Over the years, the allocation of funds in India has predominantly focused on the Energy Generation from the Renewable Sources sector. However, in the year 2022, there was a noteworthy shift as the agricultural sector received a substantial infusion of funds, reaching a remarkable $200 million, primarily due to the substantial contribution from Macquarie Alternative Assets Management Limited.

Conclusion: The Path to Climate Finance Adequacy

Global climate financing is a critical tool in addressing climate change and fostering sustainable development worldwide. It encompasses a broad spectrum of funding sources, mechanisms, and investments designed to mitigate greenhouse gas emissions, adapt to climate change impacts, and transition toward a low-carbon global economy.

While there has been a steady increase in climate finance over the last few years, the scale of funding remains insufficient to effectively combat climate change. Despite a 2.6% increase, climate finance only reached $640 billion in 2020, significantly short of the levels required to meet climate objectives.

Multilateral Climate Funds (MCFs) serve a crucial function in advancing low-emission, climate-resilient development trajectories. However, a significant portion of pledged MCFs remains unapproved, with 36% of the total pledged amount, approximately $17 billion, yet to receive approval. Furthermore, out of the approved amount of $29 billion, only 37%, or $11 billion, has been disbursed. This underscores the need for improved efficiency and effectiveness in the allocation and utilization of climate funds.

The top contributors to MCFs include the UK, US, Germany, Japan, and Norway, who have collectively pledged around $30 billion, representing 65% of the total MCF contributions and have deposited around $25 billion.

Recipient countries, such as India, Brazil, Indonesia, and Bangladesh, have received substantial allocations of approved funding. India, in particular, has received over $1.5 billion in approved funding, signifying its importance as a recipient country.

A closer look at India's MCF distribution reveals a notable shift in 2022, with a significant infusion of funds into the agricultural sector, primarily due to a substantial contribution from Macquarie Alternative Assets Management Limited.

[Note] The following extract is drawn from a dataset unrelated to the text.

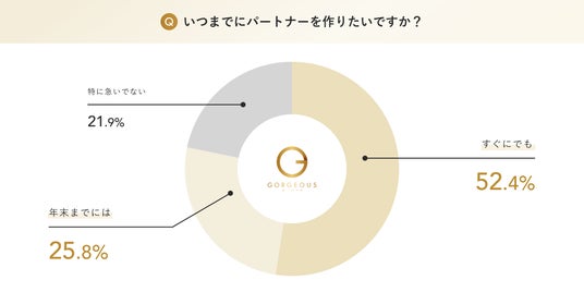 ◼️すぐにでもパートナーを見つけたい(52.4%)、年末までには(25.8%)と、年内までにパートナーを作りたいと78.2%が回答

This demonstrates a growing recognition of the importance of addressing climate change in agriculture.

In conclusion, the path to climate finance adequacy demands a significant increase in funding to meet the pressing challenges of climate change. Improved efficiency in fund allocation and a focus on key sectors, including agriculture, will be crucial in advancing global efforts to mitigate and adapt to climate change effectively. As nations and organizations work together, the global community can strive toward a more sustainable and resilient future.